Что мог я знать в Степи: забитый, дикий…
Так величают половцы тебя!
Я шел сказать – эти степные тати
Идут сюда на мирный договор.
Мономах:
- Как… Ханы? Сами?! Это очень кстати!
Ты недоволен этим, Ратибор?
Ратибор:
- Я понимаю с половцем сближенье,
Когда лишь звон оружия кругом.
По мне – так лучше горькое сраженье,
Чем сладкое братанье со врагом!
Мономах
(тихо, одному Ратибору):
- Негоже воеводу, как мальчишку,
Учить мне, но подумай, рассуди:
Получим время мы на передышку,
И силу наберем…
Ратибор:
- Но…
Мономах
(не желая слушать возражений):
- Погоди!
Нам это время – золота дороже,
Милее ласки любящей жены!
Мир, Ратибор, и никакой войны!..
Беглец
(пошатнувшись):
- О, Боже…
Мономах
(с участием)
- Устал, трудясь для князя и страны.
Давненько сердце не было так радо!
За весть такую – щедро награжу!
Беглец:
- Твоей награды мне уже не надо…
Послушай, князь, что дальше я скажу!
Позволь мне сесть…
(садится на лавку)
Мономах и Ратибор недоуменно переглядываются.
Беглец:
- Идут сюда два хана!
Нет – лучше лечь…
(ложится)
Кидан и с ним – Итларь!..
Ратибор
(присвистнув):
- Такая сила – с миром?! Очень странно…
Беглец:
- По их словам, за выкупом, как встарь.
Ратибор
(передразнивая):
- «Как встарь»! Не покраснели даже!
«За выкупом» на Русь?
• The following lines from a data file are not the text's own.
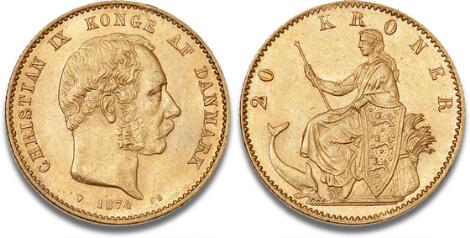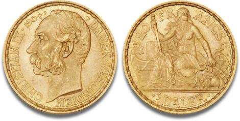 901/307Christian IX, 20 Francs / 4 Daler 1904, H 30, F 2, KM 72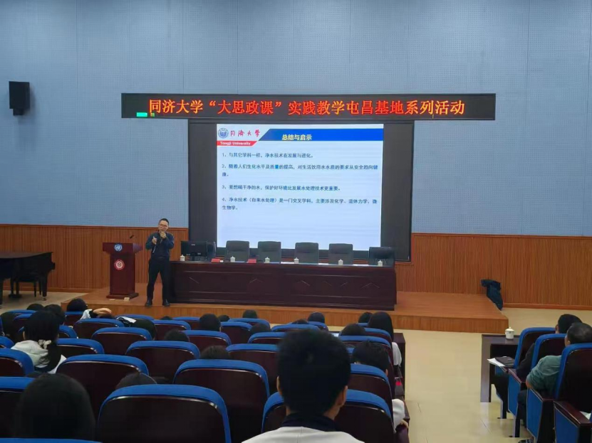 庞维海老师以《自来水的安全与利用》为主题,为学生们带来一场生动有趣的科普讲座。他从水的自然循环讲到现代净水技术,以专业视角激发学生对水资源保护的关注,引导他们树立环保意识与社会责任感。在互动环节中,学生们踊跃提问,庞老师耐心解答,现场气氛热烈,展现出同济大学在科学普及与价值引领方面的积极作为。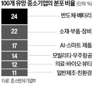 분야별로는 반도체와 배터리 분야가 전체 기업의 24%로 가장 많았다. 소재·부품·장비(22%), 디지털 인공지능(AI)·스마트 제품(17%) 등이 그 뒤를 이었다. 티에스아이와 덕산실업, 부강테크, 고려기연, 포스콤 등이 해당 분야에서 100대 유망 중소기업으로 뽑혔다.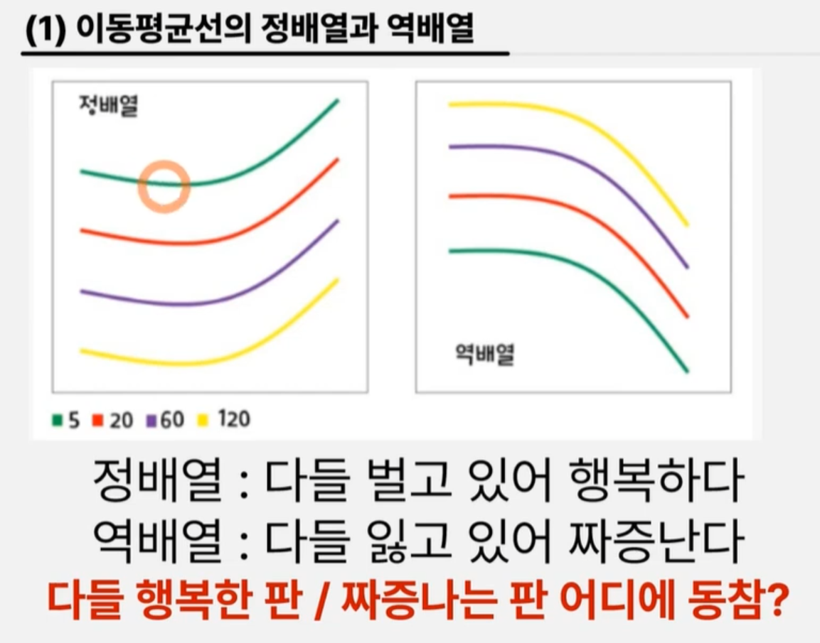 역배열 – 정배열의 반대 120 밑에 60일, 60밑에 20, 20밑에 5일선이 있는 경우

Два наглеца!
Да я… да мы… Ты это слышишь, княже?
Мономах
(внимательно глядя на беглеца):
- Постой, дай-ка дослушать до конца!
Беглец
(через силу поднимается и кратко и быстро, словно боясь, не успеть):
- Я бежал, князь
Быстро, как мог
Через кровь, грязь…
Видит Сам Бог!
Среди гор-рек
Долго, с трудом,
Не сомкнув век,
Брел я потом.
Под волков вой,
Днем и во мгле,
Полз по чужой -
К отчей земле!
Я прошел путь,
Богом храним,
Чтоб сказать суть –
Ты не верь им!
Их слова – мёд,
А дела – яд.
Я сказал всё!
Гаснет мой взгляд…
Ратибор:
- Ай, молодец! Хоть ты не воин справный,
И я тебя, пожалуй, отличу:
За то тебе и ужин будет славный,
И волчий полушубок по плечу!
Ратибор хлопает беглеца по плечу, и тот снова падает на лавку, уже не вставая.
Мономах:
- Постой хвалить! Пусть лучше скажет
Как самым лучшим из друзей,
И еще лучше нам докажет:
А не подсыл ли он князей?
Ратибор:
- Каких князей?
Мономах:
- Каких угодно!
Всем им не выгодно, чтоб мы
Могли прийти в себя свободно
За время нынешней зимы!
(обращаясь к беглецу)
Смотри, на пытку ведь отправлю!
Да так, чтоб зайцем задрожал.
Ты моему Переяславлю
Действительно принадлежал?
Я это все могу проверить
Предупреждаю наперед!
Беглец
(с горечью усмехаясь):
В такой момент мне можно верить!
Из-под Чернигова мой род…
Мономах:
- Я так и знал! Земля Олега!
Узнав про мир, он тот же час
Придумал хитрый план «побега».
Чтоб с половцем рассорить нас!
Летописец
(поднимая, наконец, перо и продолжая писать):
- Олег Черниговский… Красавец и герой
Был баловнем судьбы, того не зная,
Что солнце его сядет за горой,
Тепло и свет навеки отнимая.
И брат двоюродный, и самый лучший друг,
Лишившись разом и отца и права
На собственный удел, Олег стал вдруг
Изгоем, по закону Ярослава.
Немало слез и горя приведет
На Русь вслед за собою Святославич,
И потому в историю войдет
Сей Святослава сын – как Гориславич…
Мономах
(продолжая):
- Олег-Олег… Никак неймется
Как видно, брату моему.
То он разбоями займется,
То – этим, судя по всему…
Рассорив нас со степняками,
Он обессилит нас вконец,
Придет и голыми руками
Возьмет Переяславль…
Ратибор:
- Наглец!
Беглец
(обращаясь то к Мономаху, то к Ратибору):
- Князь Мономах…ты, воевода!
Всех тех, кто знал меня, спроси:
Ведь я же – для всего народа!
Для нашей матушки-Руси!..
Я не подсыл! Как волчья стая,
Когда мороз придавит снег,
Взяв дань, пойдут, стыда не зная,
Два хана все равно в набег!
Мономах:
- Докажешь чем, что все неложно?
Ратибор:
- Да, чем?
Беглец:
- Свидетельства во мне -
Они упрятаны надежно!
Молю вас, этим ханам не…
Перекрестившись бессильными руками, пленник умирает…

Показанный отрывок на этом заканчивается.